# Problem description
Please output the data exactly, minus pictures.

# Data extract
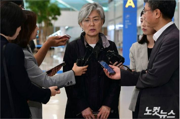 헝가리 유람선 침몰 사고와 관련해 현장을 직접 방문했던 강경화 외교부 장관이 2일 오후 인천공항을 통해 귀국, 취재진의 질문에 답하고 있다. 인천공항=CBS노컷뉴스 황진환 기자
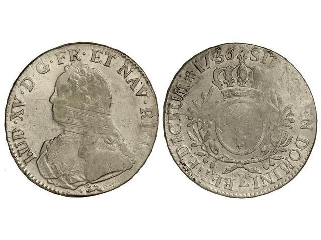1 Ecu. 1736-L. LUIS XV. BAYONA. AR. (Múltiples rayas de ajuste y golpecitos). CC-42.13. BC+.
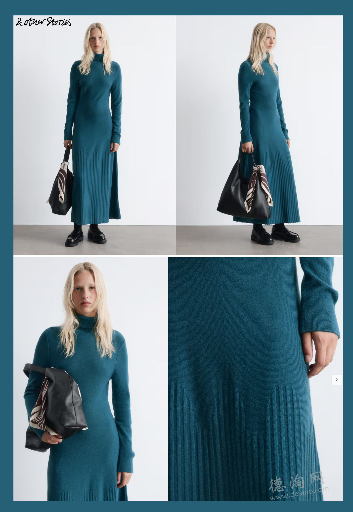 ★【& other stories 🩵羊毛高领长款连衣裙 特价仅89欧!】 整件连衣裙由100%美利奴羊毛编织而成,柔软却结构感鲜明。折叠高领设计自然延伸颈部线条,贴身上半身剪裁在腰部下方轻柔展开,向下延展成A字伞摆,不仅显高显瘦,步履之间还能呈现克制却流动的优雅。裙摆以罗纹细节收束,增添微妙层次感。

# Result of the exercise
 헝가리 유람선 침몰 사고와 관련해 현장을 직접 방문했던 강경화 외교부 장관이 2일 오후 인천공항을 통해 귀국, 취재진의 질문에 답하고 있다. 인천공항=CBS노컷뉴스 황진환 기자
1 Ecu. 1736-L. LUIS XV. BAYONA. AR. (Múltiples rayas de ajuste y golpecitos). CC-42.13. BC+.
 ★【& other stories 🩵羊毛高领长款连衣裙 特价仅89欧!】 整件连衣裙由100%美利奴羊毛编织而成,柔软却结构感鲜明。折叠高领设计自然延伸颈部线条,贴身上半身剪裁在腰部下方轻柔展开,向下延展成A字伞摆,不仅显高显瘦,步履之间还能呈现克制却流动的优雅。裙摆以罗纹细节收束,增添微妙层次感。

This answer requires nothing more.